The worst way is of course via the console. Clicking in a GUI is not a good way to make processes repeatable or scalable. Beyond that the options include: CloudFormation, a service from AWS (only works with AWS); HEAT templates from OpenStack, which is very similar to CloudFormation (only works with OpenStack); Chef Provisioning, which is no longer supported by Chef; and of course, Terraform.

All of these tools allow you to define what infrastructure you’d like - virtual machines, load balancers, block storage, databases etc. - as some kind of machine and human readable language (CloudFormation uses JSON, for example). The tool can interpret the code and create the desired resources; the code can be checked into version control and tracked like application code.

Terraform

Terraform is an Infrastructure as Code tool from Hashicorp, who produce other popular pieces of software such as Vagrant. It uses a declarative language, Hashicorp Configuration Language (HCL), to define the desired state of your cloud infrastructure. From this code it generates a dependency graph of the resources and, when run against one or more providers, walks that graph and ensures that the resources exist and are configured as defined.

Installation

The terraform executable is delivered as a single file so it just needs to be downloaded and put onto your system’s path. On a *nix system /usr/local/bin/ is a good place as it’s often already on your $PATH environment variable. From https://www.terraform.io/ find the ‘Download’ link and select the most appropriate version for your system. Download it, unzip it and put the terraform file somewhere you can run it, for example /usr/local/bin/.

Check that it’s installed successfully and find out what version you’re running - mine is:

$ terraform --version
Terraform v0.11.7

Defining Some Infrastructure

Now that Terraform is installed, we need to define what infrastructure we want it to create. We use HCL to define resources for different providers. A simple one is the random provider, which generates random data to use, for example, as server names. It doesn’t operate against a cloud provider and requires no API keys etc. so is good to illustrate Terraform’s workflow.

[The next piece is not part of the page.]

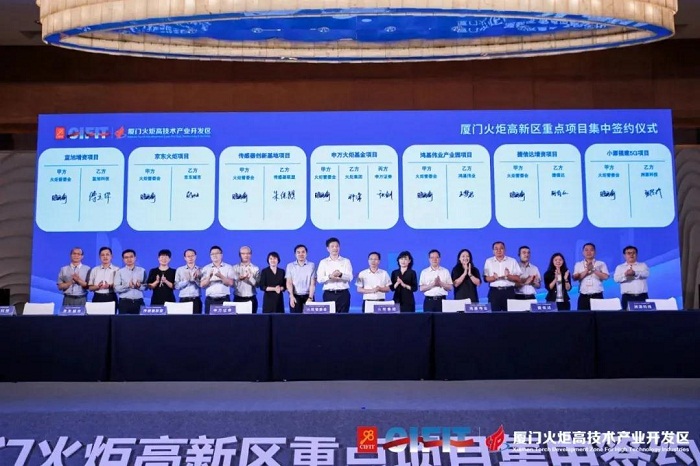 9月8日,厦门火炬高新区重点项目集中签约仪式举行。活动上,PA视讯官方网站集团和火炬高新区共同推进惠友五期人民币基金及昆桥半导体科技产业基金二期落地厦门,以基金为媒,引资金、引项目、引人才,服务我市招商引资大局,助推我市重点产业高质量发展。火炬高新区党工委书记、管委会主任庄荣良,PA视讯官方网站集团党委书记、董事长檀庄龙,火炬集团有限公司董事长苏玉荣,PA视讯官方网站集团副总经理、统一证券董事长薛荷出席并见证了签约仪式。

We’ll also use the local provider to write that random data out to a file.

Put the following into a file called example.tf:

variable "name_length" {
  type    = "string"
  default = "2"
  description = "The number of words to put into the random name"
}

resource "random_pet" "server" {
  length = "${var.name_length}"
}

resource "local_file" "random" {                                                   
  content     = "${random_pet.server.id}"                                        
  filename = "${path.module}/random.txt"                                         
}

output "name" {
  value = "${random_pet.server.id}"
}

Aside: Code Organisation

Terraform will look in the directory you tell it to (the current directory by default) and find all of the *.tf files - sub-directories are ignored. It’ll treat the files it finds as one single definition and draw a graph of all the resources. It’s common to see the variables and outputs split into different files to make it clear where to find them. It’s also common, and a good idea, to split code into modules but we won’t worry about that today.

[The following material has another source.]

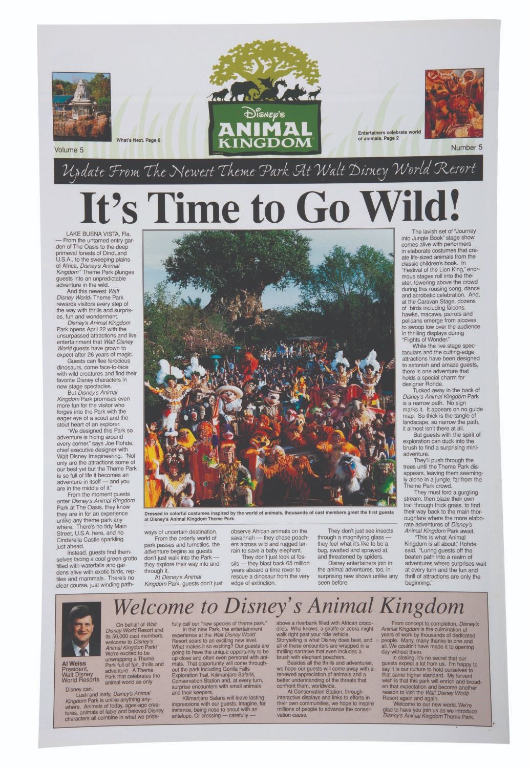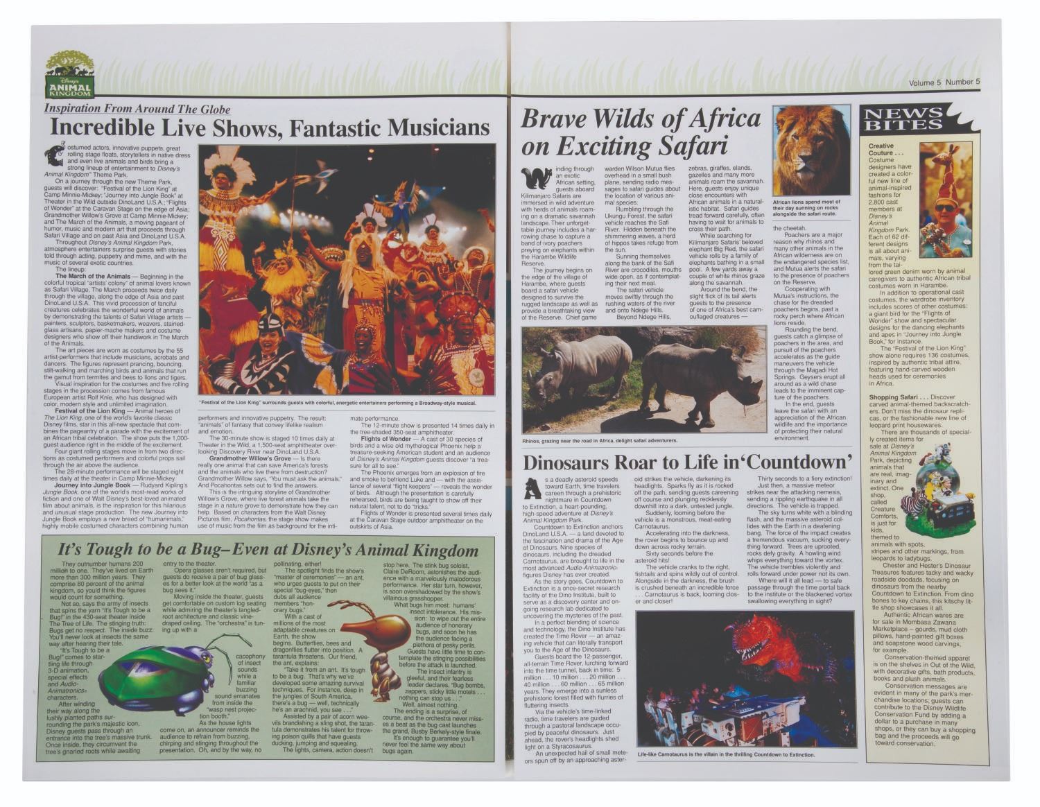 (Disney's Animal Kingdom, 1998) The Animal Kingdom newsletter gives an update from the newest theme park at Walt Disney World. The content spotlights the attractions, cast members, festivals, and other events occurring around seven areas including the Conservation Station, supplemented with classifieds. Measuring 17"x11", the periodical is in good overall condition, exhibiting sight wear to edges and corners.

In the same directory run: terraform init. You should see output which looks a bit like this:

$ terraform init

Initializing provider plugins...
- Checking for available provider plugins on https://releases.hashicorp.com...
- Downloading plugin for provider "random" (1.3.1)...
- Downloading plugin for provider "local" (1.1.0)...

The following providers do not have any version constraints in configuration,
so the latest version was installed.

To prevent automatic upgrades to new major versions that may contain breaking
changes, it is recommended to add version = "..." constraints to the
corresponding provider blocks in configuration, with the constraint strings
suggested below.

* provider.local: version = "~> 1.1"
* provider.random: version = "~> 1.3"

Terraform has been successfully initialized!

You may now begin working with Terraform. Try running "terraform plan" to see
any changes that are required for your infrastructure. All Terraform commands
should now work.

If you ever set or change modules or backend configuration for Terraform,
rerun this command to reinitialize your working directory. If you forget, other
commands will detect it and remind you to do so if necessary.

Terraform has looked at all of the *.tf files, determined which providers are being used and has downloaded the appropriate plugins. These are stored in the .terraform/ directory which has been created in the current path.

Planning changes

One amazing feature of Terraform is the ability to preview changes to get an idea of what’s actually going to happen when you apply them. Is this change going to modify my loadbalancer in-place or is it going to destroy it and recreate it, taking my application offline for precious minutes?

Let’s see what that looks like:

$ terraform plan
Refreshing Terraform state in-memory prior to plan...
The refreshed state will be used to calculate this plan, but will not be
persisted to local or remote state storage.


------------------------------------------------------------------------

An execution plan has been generated and is shown below.
Resource actions are indicated with the following symbols:
  + create

Terraform will perform the following actions:

  + local_file.random
      id:        <computed>
      content:   "${random_pet.server.id}"
      filename:  "/home/vagrant/workspace/tfdemo/random.txt"

  + random_pet.server
      id:        <computed>
      length:    "2"
      separator: "-"


Plan: 2 to add, 0 to change, 0 to destroy.

------------------------------------------------------------------------

Note: You didn't specify an "-out" parameter to save this plan, so Terraform
can't guarantee that exactly these actions will be performed if
"terraform apply" is subsequently run.

This is the first time we’re running it so all the resources we’ve specified are being created - see the + next to their name in the output.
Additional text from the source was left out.